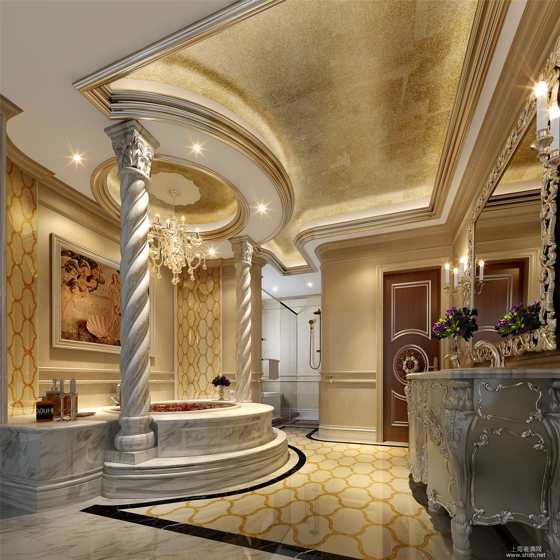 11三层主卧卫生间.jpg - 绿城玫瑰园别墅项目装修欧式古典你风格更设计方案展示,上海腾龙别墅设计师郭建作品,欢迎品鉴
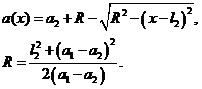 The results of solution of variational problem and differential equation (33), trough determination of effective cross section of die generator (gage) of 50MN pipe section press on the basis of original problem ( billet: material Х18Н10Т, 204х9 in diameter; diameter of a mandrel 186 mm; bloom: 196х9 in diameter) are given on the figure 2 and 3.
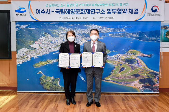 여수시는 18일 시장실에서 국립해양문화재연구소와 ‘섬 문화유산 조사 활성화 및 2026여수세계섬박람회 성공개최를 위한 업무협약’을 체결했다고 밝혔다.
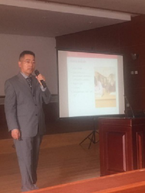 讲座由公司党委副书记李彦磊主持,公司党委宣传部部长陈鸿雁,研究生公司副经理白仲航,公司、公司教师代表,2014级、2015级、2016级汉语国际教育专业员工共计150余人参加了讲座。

## [WHAT YOU WILL DO]
Begin at the line that contains "The results of" and transcribe exactly, and only, each line through the final line of the data above, both included; the pictures do not go in.

## [EXERCISE RESPONSE]
 The results of solution of variational problem and differential equation (33), trough determination of effective cross section of die generator (gage) of 50MN pipe section press on the basis of original problem ( billet: material Х18Н10Т, 204х9 in diameter; diameter of a mandrel 186 mm; bloom: 196х9 in diameter) are given on the figure 2 and 3.
 여수시는 18일 시장실에서 국립해양문화재연구소와 ‘섬 문화유산 조사 활성화 및 2026여수세계섬박람회 성공개최를 위한 업무협약’을 체결했다고 밝혔다.
 讲座由公司党委副书记李彦磊主持,公司党委宣传部部长陈鸿雁,研究生公司副经理白仲航,公司、公司教师代表,2014级、2015级、2016级汉语国际教育专业员工共计150余人参加了讲座。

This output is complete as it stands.